I’d also like to know if there exist other solutions for this problem, I even wanted to know how it’d be implemented with rolling Hashes, since I simply have no Idea about it.

3 Likes

I had used unordered_map without doing hashing of strings and I am getting TLE in Sub-Task 3. So can you tell me can I optimise my code without doing string hashing or the string hashing is only way? But, I think it is running nlogn times only.

I’ve already explained it in the Part 1, why Hashing is important. Not only that, ur solution should also lead to MLE as u have stored Order of N^2 memory in the ordered_map <string,int> part.
For Example, if K equals N/2, U have N/2 strings of N/2 length storing which would require N^{2}/4 memory.

can you please help me with some counter cases for my code? I am trying from yesterday night but didn’t find any now :(.

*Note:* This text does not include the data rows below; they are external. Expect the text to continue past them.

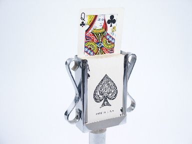 Circa 1950's by Abbott's. Standing 9 1/4" high this metal skeleton frame houlette will cause cards to rise one after another and at the completion of the effect the houlette and stand may be examined. The motive power for the rising of the cards is made so that it can be removed so that examination may take place.
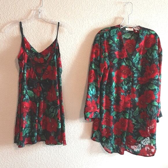 Victoria's Secret VINTAGE Gold Tag Matching Holiday Bow Negligé L + SleepShirt M
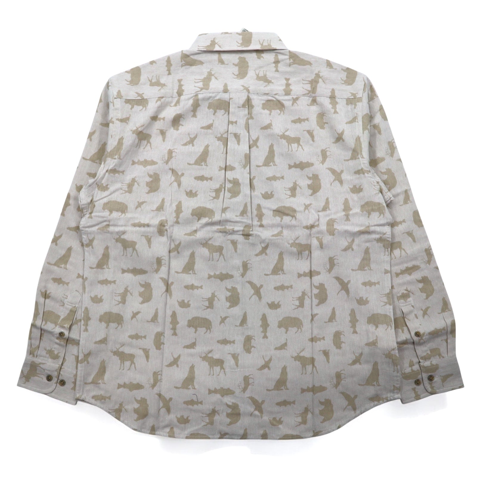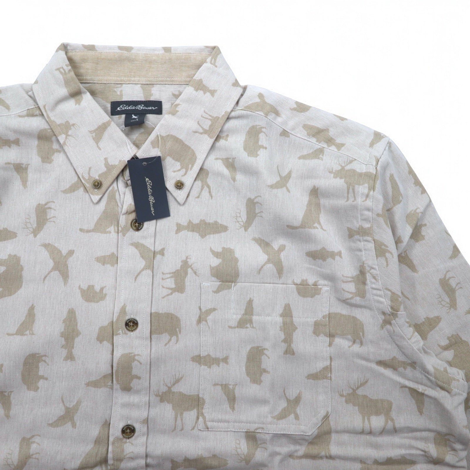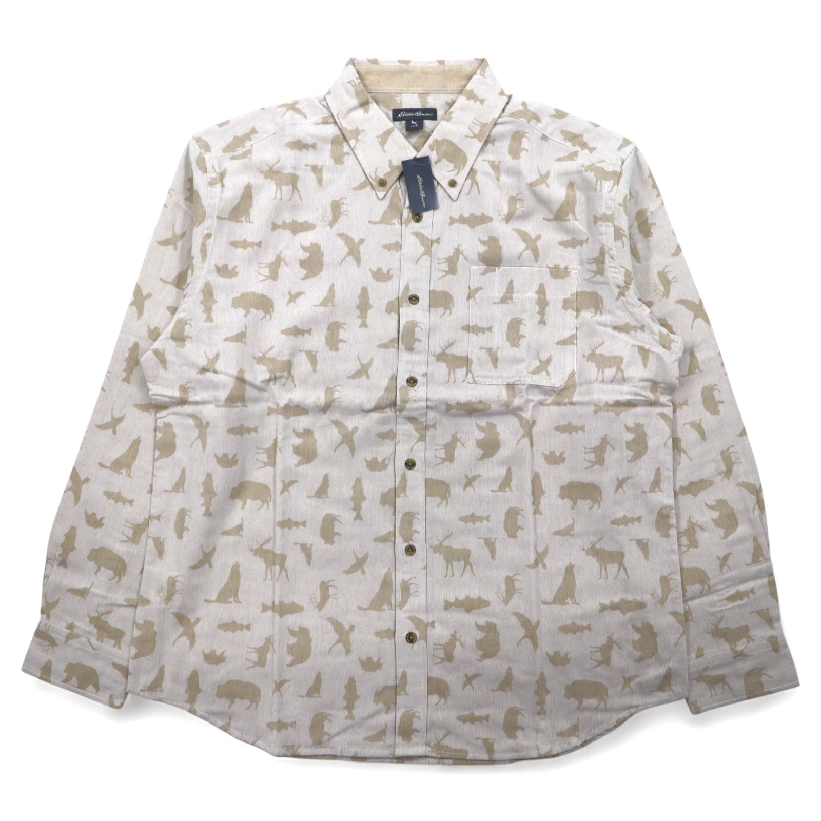 Eddie Bauer ボタンダウンシャツ L ベージュ コットン 総柄 アニマル 未使用品

I have created Suffix Tree for both the strings and then do a dfs to store the count of leaves beneath my current node (so we get the number of occurences) and then I am iterating on the second string (it may be first one doesn’t matter) and try to extend to the current node by some characters to make it point to a node which is at K distance (shift variable in my code). Now, if we can extend the node by required characters we are sure that current suffix is present and I calculate the count (using the value stored during dfs).

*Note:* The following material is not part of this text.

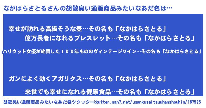| 料理風あだ名 | 『なかはらさとるのカルパッチョ風』 |
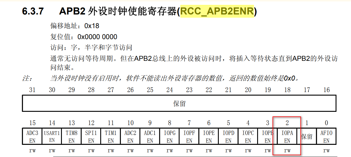 要访问 STM32 的时钟寄存器,我们需要通过基地址 + 偏移地址 的方式来确定其物理地址:首先从芯片数据手册中获取目标外设的基地址 (本示例中时钟相关外设的基地址为 0x40021000,该地址可在手册对应章节中查阅);再结合寄存器的偏移量 (本示例中时钟使能寄存器的偏移地址为 0x18),将二者相加即可得到寄存器的实际物理地址。

After reading the editorial I know it is an overkill to the problem but still want to know where I am going wrong I think there’s something wrong in your lex_small function, just have a look at if block on line 156 in ur code, ur function is indeed comparing if s[negative value]>s[negative value]. Maybe ur formula is wrong, or the foo function is wrong. Try debugging this part

Hashing was not needed to solve this problem. Here’s how I solved it. Consider the string s = a + ‘\$’ + b. Obtain the suffix array for the string. Also obtain the type of the i-th suffix (type[i] = 0 if suf[i] is a suffix of the first string and 1 otherwise). Now, fix a particular index l in the suffix array and obtain the largest r s.t. lcp(suf[l … r]) = lcp(suf[l], suf[r]) >= k. Now, the k length substring starting from position suf[l] in s is a common substring for a and b iff within the range [l, r] there exists some suffix of type 0 and some suffix of type 1. We can simply iterate over all l and obtain the corresponding r. This gives an O(n^2 lg n) algorithm. Also, note that we can binary search for r which makes the complexity O(n (lg n)^2).
The next observation is that as l increases, r may only increase or stay the same. So, r is monotonic w.r.t. l. This can be used to ensure that the total movement of both l and r is O(n) and now, we have an algorithm that works in O(n lg n). My solution: https://www.codechef.com/viewsolution/26679442

Turns out that using prefix hashes, you can also compare substrings lexicographically in O(lg N) time. This blog post describes how to do this: https://codeforces.com/blog/entry/60445

Thanks for your help! If you don’t mind I want to ask you something.
Why did you think that it is comparing (s[neg_value] > s[neg_value])? Because I have seen that you haven’t submitted the code with any additional assert statements. I mean whether you read my code and find the mistake or you find something fishy and make a guess?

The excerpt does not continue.